Dün göz doktoru kontrolünden sonra Kadıköy'deki alış veriş sanırım bana fazla geldi. Çünkü akşam eve döndüğümde migrenden beter bir başağrısı vardı. Önce açlıktan, susuzluktan zannettim ama yemek yedikten sonra da devam edince, anladım ki gün ortası saatlerde evde olmalıyım. Sıcak kimseye iyi gelmez ama bende gerçekten yıkıcı bir etki yapıyor. Evde parol dışında sadece vitamin hapı olduğundan bir tane parol ile sakinleşmeye çalışmak gerçekten zorladı. Çenemi, omuzlarımı, şiddetli ağrı karşısında kasılan alnımı ve yüzümü gevşek tutmakta çok zorlandım. Bir ara acillik olur muyum diye panikledim. Neyse ki serin su, gevşeme egzersizleri derken uyuyakalmışım. 
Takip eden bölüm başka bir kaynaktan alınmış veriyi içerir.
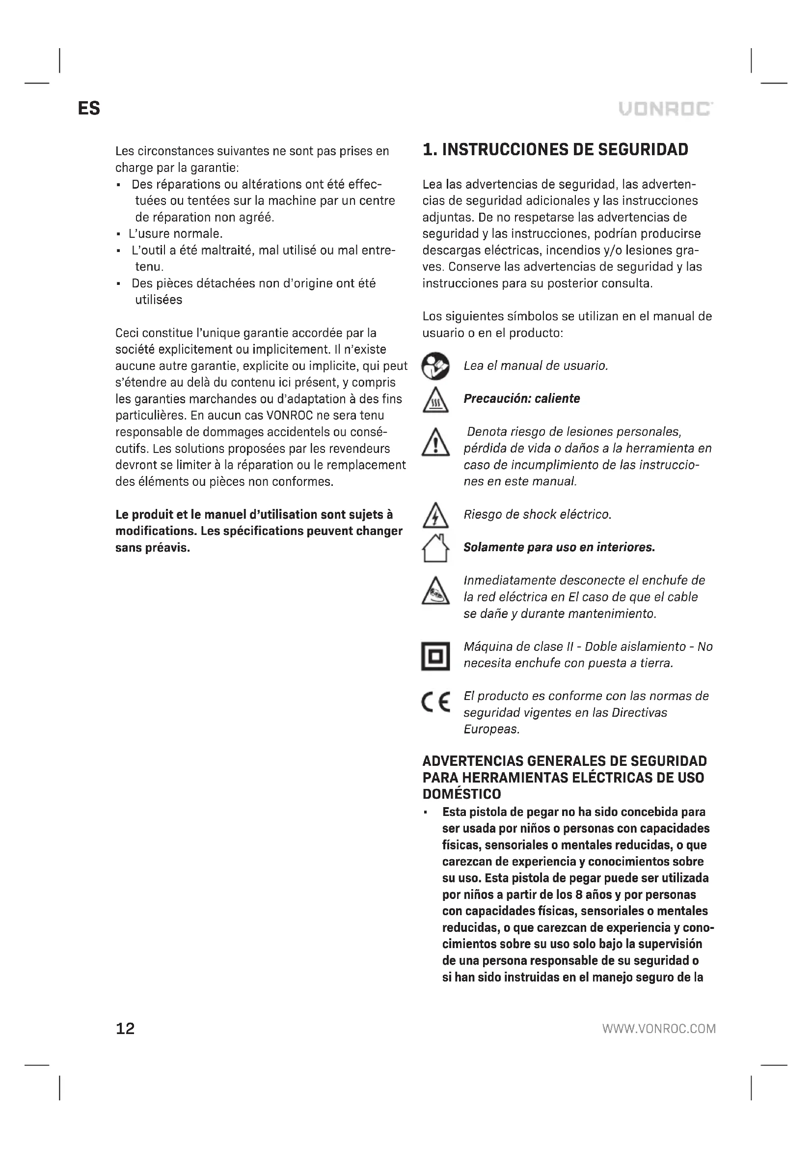 - Si se han utilizado piezas de repuesto no origi- nales. La presente constituye la única garantía implícita y explícita que ofrece la compañía. No existen otras garantías explícitas o implícitas que excedan las citadas aquí, incluidas las garantías implícitas de comerciabilidad e idoneidad para una finalidad en especial. VONROC no será considerada responsable en ningún caso por daños incidentales o consecuen- tes. Los recursos a disposición de los distribuidores se limitan a la reparación o a la sustitución de las unidades o piezas no conformes. El producto y el manual de usuario están sujetos a variaciones. Las especificaciones pueden variarse sin previo aviso.IT

Ağrı nasıl korkutuyor insanı, ne kadar çaresiziz bedenin arızaları karşısında. Pandeminin hayatımıza girişiyle birlikte güçten düştüğümü hissediyorum. Geçen yaz uzun uzun suda kalmanın iyileştiriciliğini saymazsak insanın içi ve dışı birbirine paralel olarak ivme kaybediyor.

Kötülerin ve kötülüğün bunca güç kazanması hepimize pahalıya patladı. Etrafımda herkes birşeyler kaybetti. Kimi kariyeriyle, kimi sağlığı ve hatta canıyla ödedi başa çıkamadığı yaşamın bedelini. Bir de tuzu kuru olup, herşeye uzaktan bakanlar var ki, onların çoğu şükürler olsun benden uzak. İster istemez yolları ayırıyor insan. 

Bende pandemiden nasibini alanlardanım. Taşınmalar, iş değişiklikleri, ağrıyan bacak, hastalanan aile bireyleri derken zaten zar zor edindiğim rutin uçtu gitti. Şimdilerde elimde kalan sabah kahvesi ve klavyem. Elbette Thedora'm var bir de:)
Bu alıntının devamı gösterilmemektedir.